Laguna Beach homeowner Thomas B. Pitcher was delighted Friday by a U.S. Supreme Court ruling that limited the California Coastal Commission's authority to require public access to private beaches.
"People were struggling to save their castles and here was a public agency telling them they can't do it," Pitcher said. "It (the court decision) should have come."
To Pitcher and other beachfront residents, the state commission and county planners have gone overboard in forcing them to provide public stairs or walkways whenever they built a tennis court, added a seawall or remodeled their homes.
At commission hearings, "it's been nothing but a parade of new homeowners trying to put a roof on their homes and just getting squashed by the staff. You'd be embarrassed," said Pitcher, an attorney who lives in the exclusive gate-guarded community of Irvine Cove.
After Friday's ruling, the commission's stance will probably have to change, he and local land-use attorneys said.
The court's 5-4 ruling overturned a decision by state officials requiring a Ventura couple with beachfront property to grant public access to the beach in return for a building permit.
"I agree with (the Supreme Court's) decision. It should not be a blackmail situation," said Dani Ratkelis, who had to build a stairway from Pacific Coast Highway to the beach below Camel Point in South Laguna to get a building permit for her house. Also lauding Friday's decision was state Sen. Marian Bergeson (R-Newport Beach), whose Local Government Committee plans to hold a hearing Aug. 15 on public access and private property rights.

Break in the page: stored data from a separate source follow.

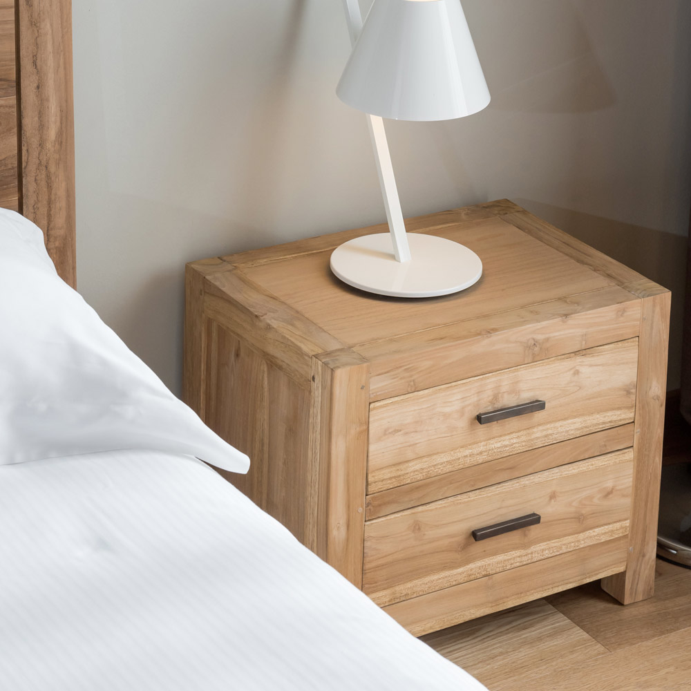 Cette table de chevet en teck massif est un meuble compact et élégant, idéal pour compléter votre chambre avec un style naturel et intemporel. Son travail artisanal et le grain naturel du bois lui confèrent un aspect chaleureux et authentique.
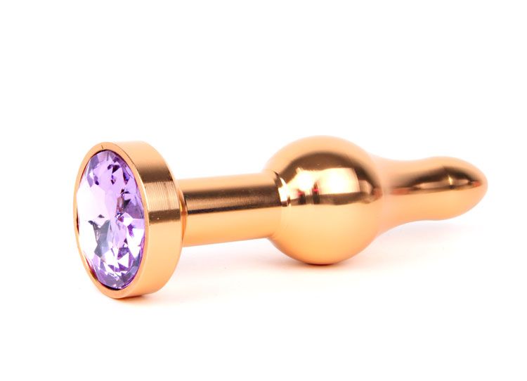 Удлиненная шарикообразная золотистая анальная втулка с сиреневым кристаллом - 10,3 см.
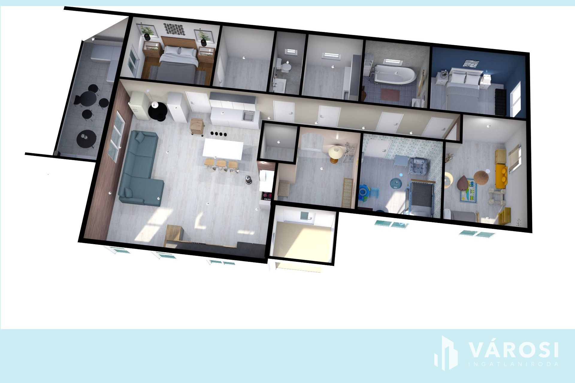 - 125 m2 alapterületen, tágas előszoba, közlekedő, AMERIKAI KONYHÁS NAPPALI, kamra, + 4 HÁLÓSZOBA, Gardrób,

Too often, Coastal Commission demands for public access have "become extortive in nature," Bergeson said.
Her office has received many complaints from "people who were treated badly (by the commission) if they asked to improve their property," she said.

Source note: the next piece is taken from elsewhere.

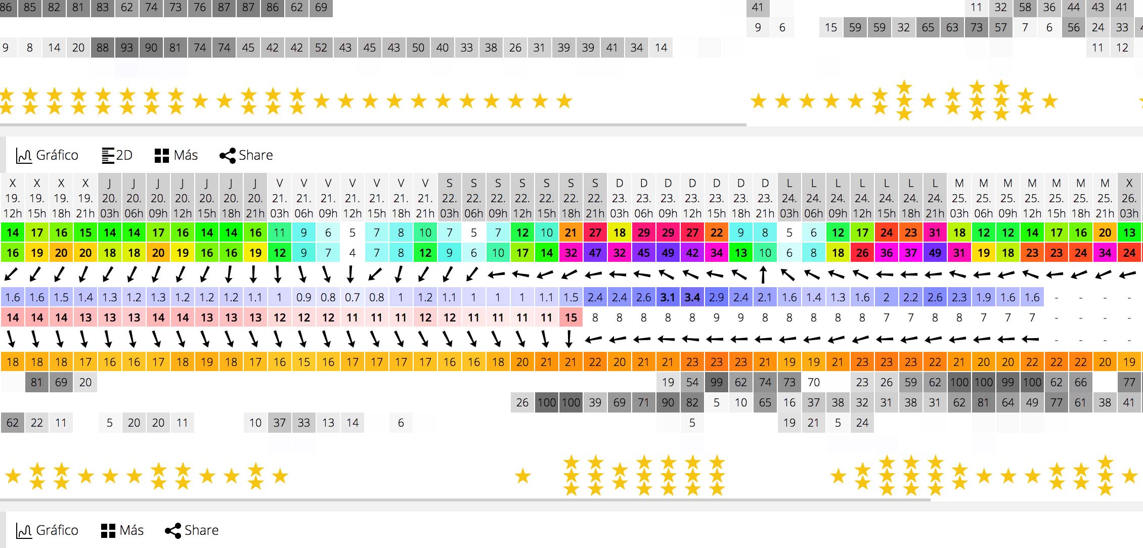 Vientos de componente este- sur este con rachas cercanas a los 40 km h es lo que marca la previsión de las principales servidores meteorológicos, además vendrán acompañados de oleaje que vendrá en esa dirección.

In Emerald Bay, another gate-guarded community in Laguna Beach, the homeowners' association gave up its efforts to build a tennis court because the commission had demanded public access as the price for a building permit, Bergeson noted.
There is a balance between public recreation needs and private property rights, she said, but often "we have seen abuses" by the commission.
Too often, property owners have lost their privacy and faced liability problems when the general public was allowed to "tramp through their property," Bergeson said. She said she hoped Friday's high court ruling would stop those abuses.
Along Orange County's 42 miles of oceanfront, 12.7 miles of coastal land are privately owned.
Some of those private beaches are accessible by simply walking along the sand from a public beach, said Grace Sekida, who handles coastal access issues for the Orange County Planning Department, but "some are in coved areas or gated communities where there's no way to get to public tidelands except with a vertical easement."
With Friday's ruling, such an easement will probably no longer be required when property owners build a seawall or add a second story to their home, Orange County officials said.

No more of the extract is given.